▶ [What is expected] Word for word, restate the lines of the data below between those holding "证监会网上服务平台公示信息显" and "بالصور: إصابة 3", inclusive; pictures do not belong in the copy.

▶ [Records supplied]
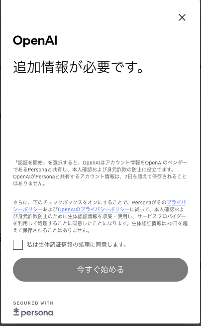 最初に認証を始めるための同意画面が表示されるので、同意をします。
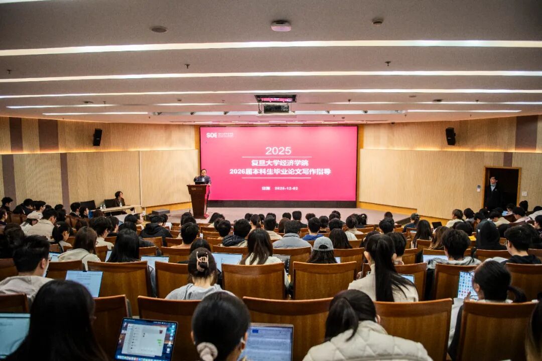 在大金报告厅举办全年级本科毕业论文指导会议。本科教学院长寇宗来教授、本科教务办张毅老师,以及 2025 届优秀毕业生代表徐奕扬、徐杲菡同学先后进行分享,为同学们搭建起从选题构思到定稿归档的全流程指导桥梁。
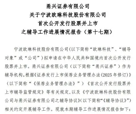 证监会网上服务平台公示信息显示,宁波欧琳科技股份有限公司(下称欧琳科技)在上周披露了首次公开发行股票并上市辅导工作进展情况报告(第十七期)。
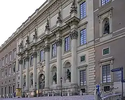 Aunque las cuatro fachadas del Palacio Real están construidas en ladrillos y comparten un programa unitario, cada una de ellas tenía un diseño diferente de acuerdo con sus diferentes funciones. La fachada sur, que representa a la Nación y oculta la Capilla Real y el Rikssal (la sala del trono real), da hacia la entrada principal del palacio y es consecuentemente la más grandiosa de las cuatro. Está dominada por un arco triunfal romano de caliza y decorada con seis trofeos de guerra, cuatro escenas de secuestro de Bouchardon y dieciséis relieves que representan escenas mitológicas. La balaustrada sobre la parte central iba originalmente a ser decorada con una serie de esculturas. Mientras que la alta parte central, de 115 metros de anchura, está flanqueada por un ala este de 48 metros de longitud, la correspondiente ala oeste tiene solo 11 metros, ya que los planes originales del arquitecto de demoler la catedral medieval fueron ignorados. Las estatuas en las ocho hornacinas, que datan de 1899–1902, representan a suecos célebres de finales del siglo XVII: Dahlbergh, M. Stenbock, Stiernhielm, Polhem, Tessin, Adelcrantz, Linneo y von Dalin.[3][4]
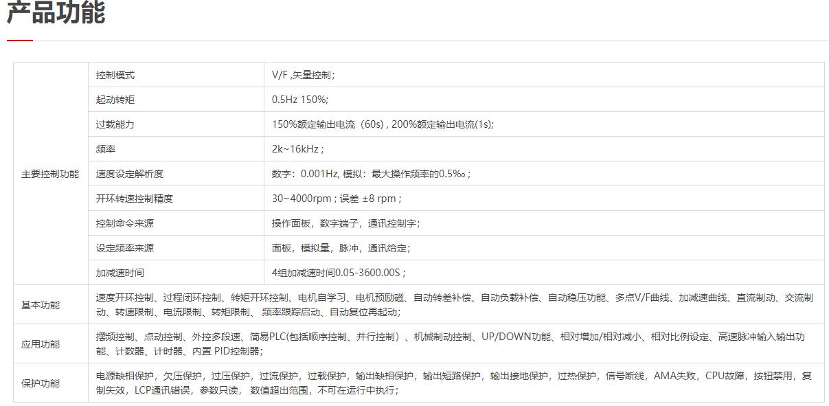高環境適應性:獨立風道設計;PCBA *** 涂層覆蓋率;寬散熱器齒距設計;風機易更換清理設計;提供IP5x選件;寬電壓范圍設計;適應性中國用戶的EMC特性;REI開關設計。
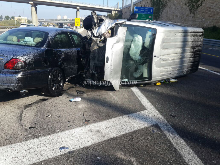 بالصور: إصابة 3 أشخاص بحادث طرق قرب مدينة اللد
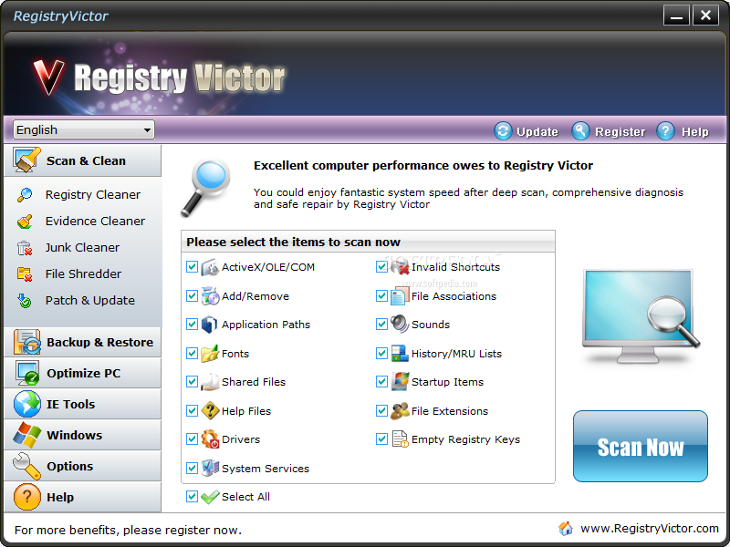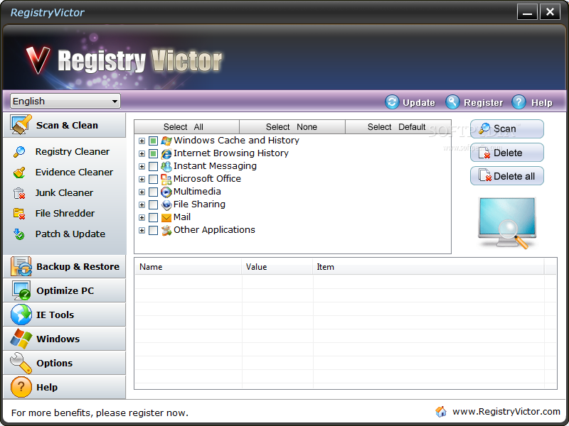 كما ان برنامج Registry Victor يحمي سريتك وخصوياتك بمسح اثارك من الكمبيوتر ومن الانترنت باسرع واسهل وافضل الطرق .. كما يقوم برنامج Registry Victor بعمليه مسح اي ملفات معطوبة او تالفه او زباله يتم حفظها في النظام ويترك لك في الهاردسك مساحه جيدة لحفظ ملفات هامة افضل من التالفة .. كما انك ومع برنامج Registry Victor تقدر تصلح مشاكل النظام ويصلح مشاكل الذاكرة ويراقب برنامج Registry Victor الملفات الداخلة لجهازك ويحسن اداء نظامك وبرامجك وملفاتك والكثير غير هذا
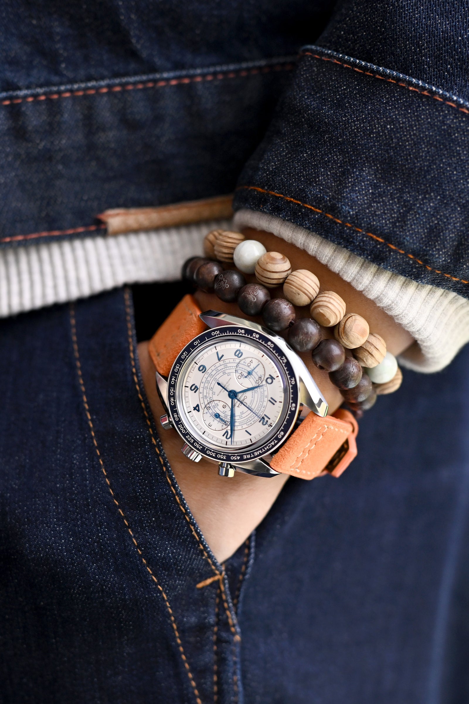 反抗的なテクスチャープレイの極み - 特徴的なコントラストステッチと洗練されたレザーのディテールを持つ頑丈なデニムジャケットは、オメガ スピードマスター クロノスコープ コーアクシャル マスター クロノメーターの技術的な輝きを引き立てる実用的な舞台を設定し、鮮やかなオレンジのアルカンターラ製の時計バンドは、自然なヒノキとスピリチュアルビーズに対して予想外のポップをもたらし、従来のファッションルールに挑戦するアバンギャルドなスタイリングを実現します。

* * *

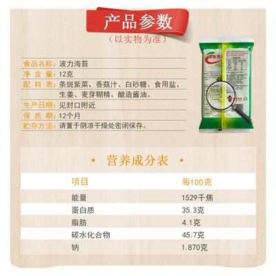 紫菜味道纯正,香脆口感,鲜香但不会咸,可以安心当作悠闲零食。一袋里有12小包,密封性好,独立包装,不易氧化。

▶ [Task output]
 证监会网上服务平台公示信息显示,宁波欧琳科技股份有限公司(下称欧琳科技)在上周披露了首次公开发行股票并上市辅导工作进展情况报告(第十七期)。
 Aunque las cuatro fachadas del Palacio Real están construidas en ladrillos y comparten un programa unitario, cada una de ellas tenía un diseño diferente de acuerdo con sus diferentes funciones. La fachada sur, que representa a la Nación y oculta la Capilla Real y el Rikssal (la sala del trono real), da hacia la entrada principal del palacio y es consecuentemente la más grandiosa de las cuatro. Está dominada por un arco triunfal romano de caliza y decorada con seis trofeos de guerra, cuatro escenas de secuestro de Bouchardon y dieciséis relieves que representan escenas mitológicas. La balaustrada sobre la parte central iba originalmente a ser decorada con una serie de esculturas. Mientras que la alta parte central, de 115 metros de anchura, está flanqueada por un ala este de 48 metros de longitud, la correspondiente ala oeste tiene solo 11 metros, ya que los planes originales del arquitecto de demoler la catedral medieval fueron ignorados. Las estatuas en las ocho hornacinas, que datan de 1899–1902, representan a suecos célebres de finales del siglo XVII: Dahlbergh, M. Stenbock, Stiernhielm, Polhem, Tessin, Adelcrantz, Linneo y von Dalin.[3][4]
高環境適應性:獨立風道設計;PCBA *** 涂層覆蓋率;寬散熱器齒距設計;風機易更換清理設計;提供IP5x選件;寬電壓范圍設計;適應性中國用戶的EMC特性;REI開關設計。
 بالصور: إصابة 3 أشخاص بحادث طرق قرب مدينة اللد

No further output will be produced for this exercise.